A number of previous studies have found that social workers use simplified and informal processes for screening out cases (Buckley, 2003; Platt, 2006) as they seek to make sense of complex and ambiguous referrals. There is clearly a possibility of error. As Brandon et al. suggest “child protection (does) not come ‘labelled as such’” (Brandon et al., 2008a, p.319) : in their analysis of Serious Case Reviews where children have died or been seriously injured 45% were seen upon referral as below the threshold for protective intervention.
A significant element of the work with families took place in their own homes. This could be challenging for the workers, as entering families’ homes often meant entering a complex, chaotic, intimate and even frightening environment, but also provided unique opportunities to engage with the intimate aspects of families’ lives. It was also an arena where they were required to make vital decisions.

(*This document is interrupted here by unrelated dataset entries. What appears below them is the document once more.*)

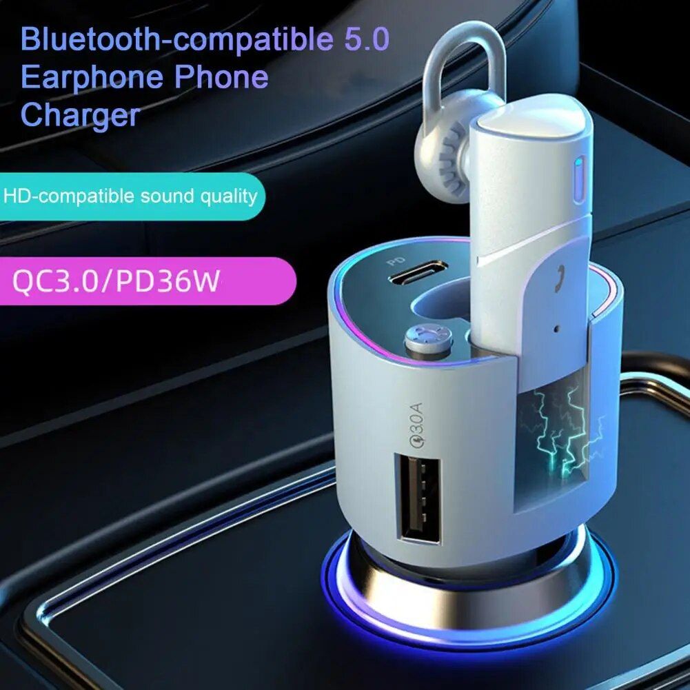 2-in-1 Bluetooth Earphone & Fast Car Charger
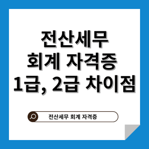 - 전산세무 1급, 2급: 회계뿐만 아니라 세무지식 요구. 세무신고 실무 능력 중심.
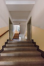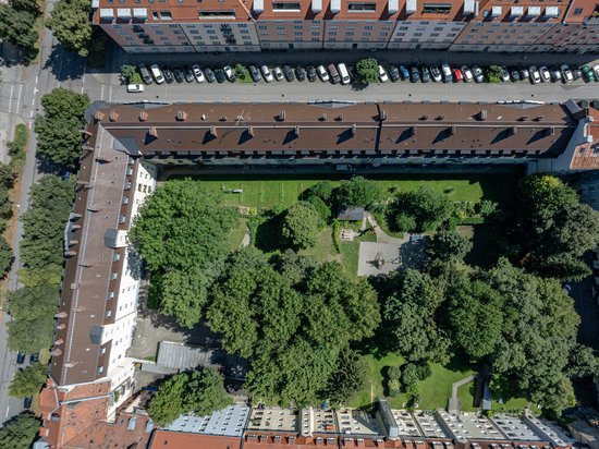 Im parkähnlichen Innenhof bekommt man vom städtischen Trubel rund um den Volksheimbau freilich nichts mit. Üppige Grünflächen und ein alter und beeindruckend hoch gewachsener Baumbestand, zahlreiche Sitzmöglichkeiten und ein Spielplatz mit Sandkasten und Spielgeräten machen den Hof zu einer Begegnungsstätte für Jung und Alt und zu einem grünen Idyll zwischen Prinzregenten- und Einsteinstraße.

The social workers often summarised their actions very briefly in the computerised case files, giving little or no detail of their thinking. Studying these case files, which represented the official record of their work, provided little evidence of the ways in which the workers thought about cases, prioritised them or made decisions about them. Instead much of their thinking lay in unofficial, informal, even private, processes quite separate from the formal world of official procedures.
Pithouse (1998) characterised social work as an “invisible trade” because so much of the activity takes place in private, and is therefore literally invisible to outsiders, and because so many of its processes are unofficial and based on taken-for-granted assumptions. The thinness of the case notes may contribute to this invisibility, rendering much of the workers’ decision making activity and reasoning unavailable to others.